The NOAO Mosaic is a large-field detector consisting of eight 2K×4K CCDs arranged in a 4×2 mosaic, for a total detector size of 8K×8K. At 16 bits per pixel, raw images are 134MB in size. The instrument will be used on the 4-meter and 0.9-meter telescopes on Kitt Peak in the northern hemisphere and on the 4-meter telescope on Cerro Tololo in Chile. The field of view of the Mosaic ranges from 36´ to 1° depending on the telescope, with a scale of 0.26´´/pixel at the 4-meter. Because the field is so large, optical field correctors are required. Similar instruments are being built at a number of other observatories, e.g., CFHT/U.Hawaii, Keck/Lick, and McDonald. The software described in this paper is being developed in collaboration with these and other groups.
While there is little fundamentally new about Mosaic data handling, the overall system accentuates old problems to a degree rarely before seen in ground based telescopes. The use of multiple CCDs causes problems with misaligned grids and gaps between the CCDs, requiring interpolation, image combination, and dithering to rectify the data. The CCDs can have different bias and flat characteristics requiring calibration before they can be viewed together on the display. The large field and the use of optical correctors mean that field distortions are significant, and combined with the misalignment of the CCDs this complicates coordinate determination and astrometry. The use of multiple CCDs requires that data be read out simultaneously from all CCDs, hence the raw data is interleaved as it arrives from the controller and must be ``unscrambled'' before being written to disk or displayed. Finally, the images are very large. A powerful computer system and efficient software is required to be able to handle such large images. Even viewing the data is difficult since the image is a composite of a number of smaller images, and at 8K×8K or 64 megapixels, the area of the full Mosaic is about 50 times that of the typical workstation screen.
The Mosaic data handling system takes the raw data as they are generated by the CCD controller during frame readout and does all subsequent processing of the data, including capture to disk, real time image display, quick look and data quality assessment, pipeline data reductions, taping, queueing of data to the data archive, and, if desired, re-reduction of the data at the observer's home institution using IRAF.
Figure: Data Handling System Architecture. Original PostScript figure (48kB).
Figure 1 illustrates the software architecture of the Mosaic Data Handling System (DHS). As the Mosaic is read out, pixel and header data packets are written to the message bus which connects all elements of the data system. The Data Capture Agent (DCA) captures these data packets and builds an observation file on disk. At the same time data is sent to the Real Time Display (RTD) which displays the Mosaic during frame readout. Quick look is provided by the RTD and by IRAF, which can interact with the RTD during and after frame readout. The Data Reduction Agent (DRA) directs the post-processing of each observation file, applying standard calibrations and writing the data to tape and to the data archive.

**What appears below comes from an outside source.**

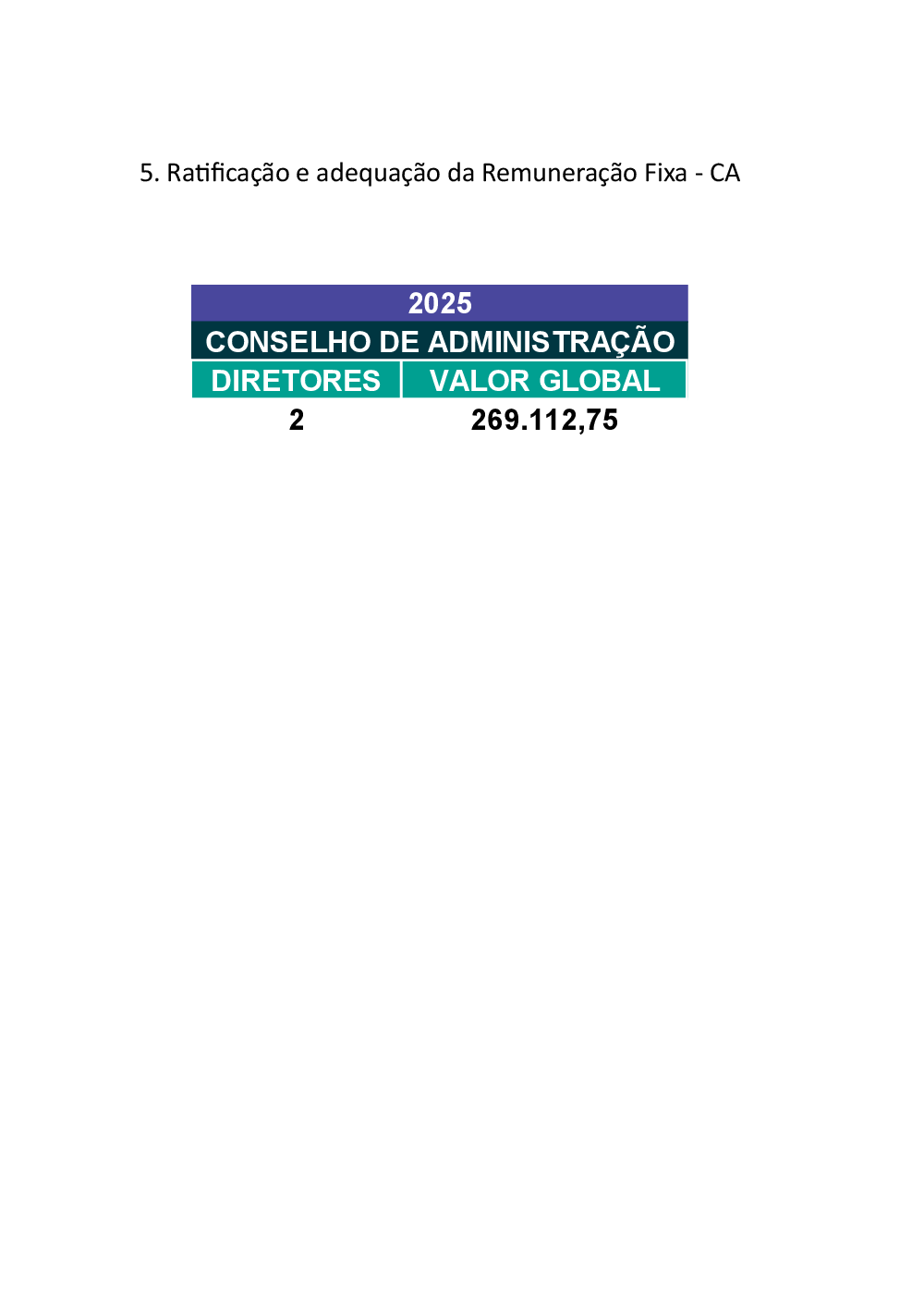 - Ratificação e adequação da Remuneração Fixa - CA

The heart of the Mosaic data handling system is the message bus, which connects all data system components. The message bus provides flexible and efficient facilities for components to communicate with each other. The message bus (which is a software facility) supports both distributed and parallel computing, connecting multiple host computers or multiple processors on the same host.
The message bus provides two methods for components to communicate with each other. Producer/consumer events allow components to listen for (consume) asynchronous event messages produced and broadcast by other components. Requests allow synchronous or asynchronous remote procedure calls (method invocations) to be directed to services or data objects elsewhere on the message bus. Discovery techniques can be used to determine what services are available and to query their methods. Host computers and components can dynamically connect or disconnect from the bus. The bus can automatically start services upon request; or services and other components can be started by external means, connecting to the message bus during startup.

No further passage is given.